Métaphysique de la viande

« Tout ça avait l’aspect idiot et effrayant d’un cauchemar, indique le narrateur omniscient de Paranoïa, second des deux textes de Christophe Siébert réédités aujourd’hui sous bannière moins confidentielle qu’autrefois, (…) ce cauchemar paranoïaque que le monde se révélait être. » En matière de littérature répugnante, mais surtout virtuose, écoeurante autant qu’époustouflante, on tient avec cet auteur un génial bricoleur, radical au possible, prompt à monter en kit et transes des histoires foulant aux pieds la décence, abattant l’une après l’autre les frontières de l’excès, de la morale, du tolérable. Dans Nuit noire, qui inaugure ce Malabar bigoût tartiné aux humeurs corporelles, la première personne plonge un lecteur médusé dans la tête d’un psychopathe particulièrement infréquentable, ayant poussé en mauvaise graine entre carton et environnement incestueux: « J’avais construit ma tête et j’habitais dedans », reconnaît-il humblement, avant de décrire par le menu ses ignobles rituels.
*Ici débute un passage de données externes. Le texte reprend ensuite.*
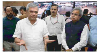
Staff Reporter New Delhi

Indian Railways has launched 12,075 special trains to help millions of passengers during the Durga Puja, Dussehra, Diwali, and Chhath festivals.
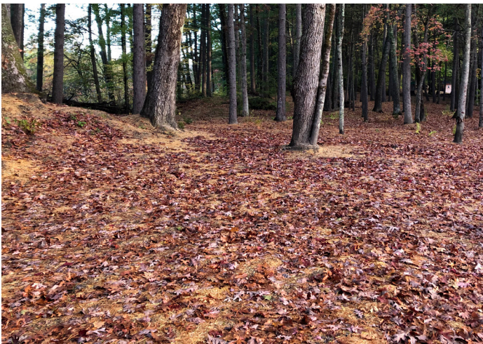
Completed excavation and backfill at a residential property located near the Site.

In August and September of 2021, EPA collected soil samples, surface water samples, and groundwater samples from the former shooting range, the Groton Senior Center, and adjacent residential properties. Sampling results found lead and arsenic in soil samples above the EPA Removal Management Levels for residential properties. EPA determined that an imminent hazard to public health and the environment was present at the Site. To address the threat presented by the contamination present in the surface soil, EPA conducted a removal action, which was completed in October 2023.
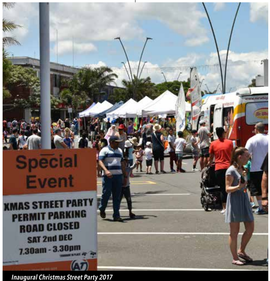
Inaugural Christmas Street Party 2017
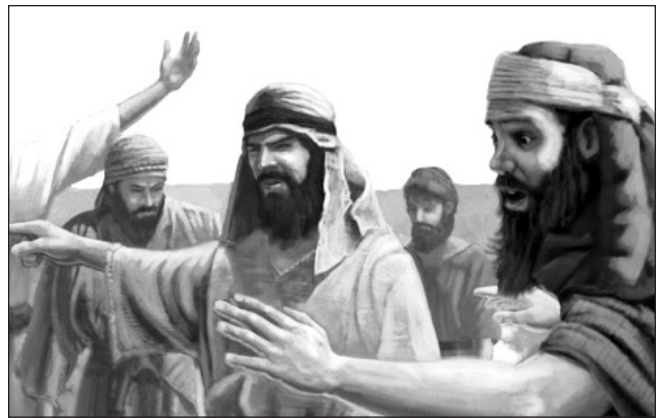
Grumbling in the wilderness

Their murmuring provides us with insight into the psychology of fallen human nature. In their cry against Moses they said, “would to God we had died by the hand of Jehovah in the land of Egypt, when we sat by the fleshpots, and when we did eat bread to the full.” They had

Paranoïa tient plus du roman choral, présentant toute une galerie de personnages poisseux comme pas permis, cintrés tout autant, réunis autour d’une nébuleuse affaire de remplacement des humains par les machines. Un cocktail fantastique au sens premier, pour qui dispose tout de même d’un estomac bien accroché.

De Christophe Siébert, éditions Au Diable Vauvert, 320 pages.